Ivan Scalfarotto non aveva lo smartphone ma fissava il vuoto, apparentemente attonito, come qualcuno che abbia finito credito e giga sul più bello. E intanto Martina parlava.
Questa, la foto. Bisogna tuttavia fare molta attenzione prima di trarre qualsiasi conclusione dalla realtà che essa ci mette davanti. È il ritratto di un partito che fa una cosa vecchia, come una riunione di organi dirigenziali? Sì, e tutti sanno che sono circostanze che portano a distrarsi: lo si è sempre fatto, anche prima che la tentazione dello smartphone potesse renderlo evidente (e fotografabile). È il ritratto di quel partito autoreferenziale, lontano dalla gente, di cui si parla per spiegarne la pessima riuscita elettorale? Eh no, questo non lo si può dire: i membri di un partito autoreferenziale starebbero attentissimi, non ammetterebbero alcuna interferenza esterna mentre parlano di sé. Se fossero poi tanto lontani dalla gente, allora non farebbero proprio ed esattamente quello che, in Italia, fanno tutte le genti di ogni età, origine e ceto: cioè stare in eterna contemplazione del proprio smartphone. Magari l’italiano medio (quindi, non del Pd) quando prevede che la riunione lo annoierà non si siede in prima fila, dove i fotografi ti beccano subito a digitare, ma queste sono sfumature.

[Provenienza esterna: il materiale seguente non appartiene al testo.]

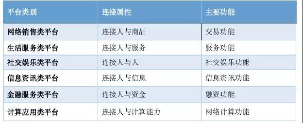 此外,结合我国平台发展现状,依据平台的连接对象和主要功能,将平台分为以下六大类:网络销售类平台、生活服务类平台、社交娱乐类平台、信息资讯类平台、金融服务类平台、计算应用类平台。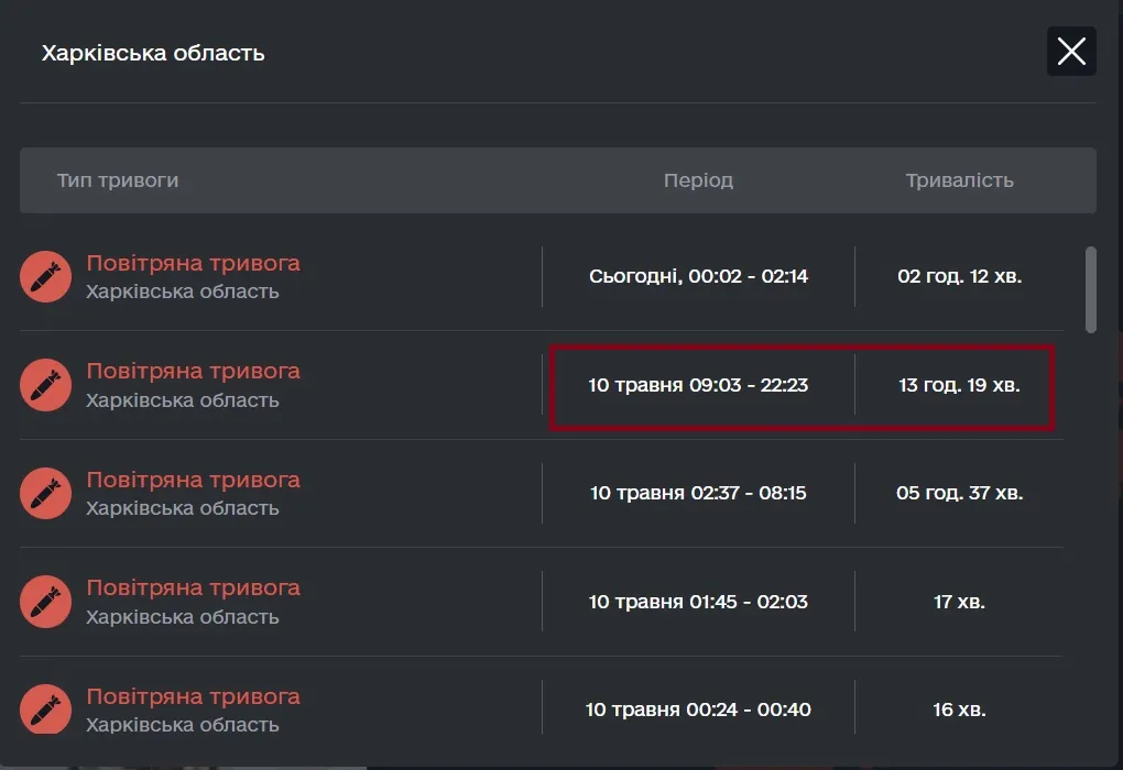 Воздушная тревога в Харьковской области 10 мая была самой длинной за все время войны России с Украиной. Об этом свидетельствуют данные официальной карты воздушных тревог.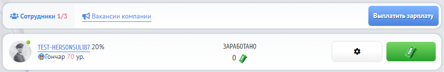 После того, как у Вас появятся сотрудники, на этой вкладке Вы сможете изменять размер их вознаграждения — от 20% до 80% от стоимости заказа (для этого воспользуйтесь серыми кнопками с шестерёнками) и выплачивать им зарплату (для этого воспользуйтесь зелёными или красными кнопками справа).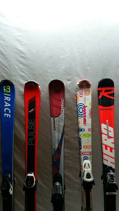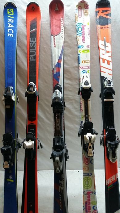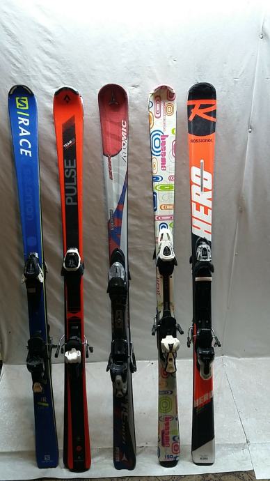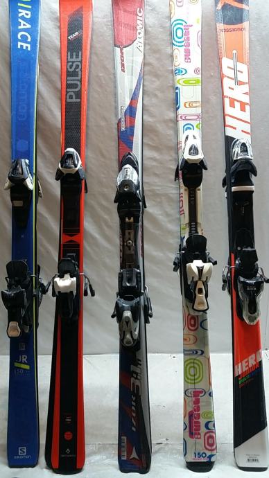 Skije s vezovima, 150 cm, u dobrom stanju, servisirane i spremne za sezonu. S lijeva na desno: 1. 90€, 2. 100€, 3. 120€, 4. 120€, 5. 120€. Moguće u kompletu s pancericama, štapovima i kacigom. Pogledajte i druge moje oglase. Moguće slanje poštom.

Un’altra cosa su cui occorre usare cautela e non essere frettolosi è il presupposto per cui lo smartphone sarebbe veicolo esclusivo di intrattenimenti più o meno leciti e più o meno stupidi. La direttrice dell’Economist ha raccontato di avere sgridato il figlio adolescente che aveva sempre in mano l’iPad e gli aveva ingiunto di posarlo. E il figlio protestò: «Ma mamma, stavo leggendo l’Economist!».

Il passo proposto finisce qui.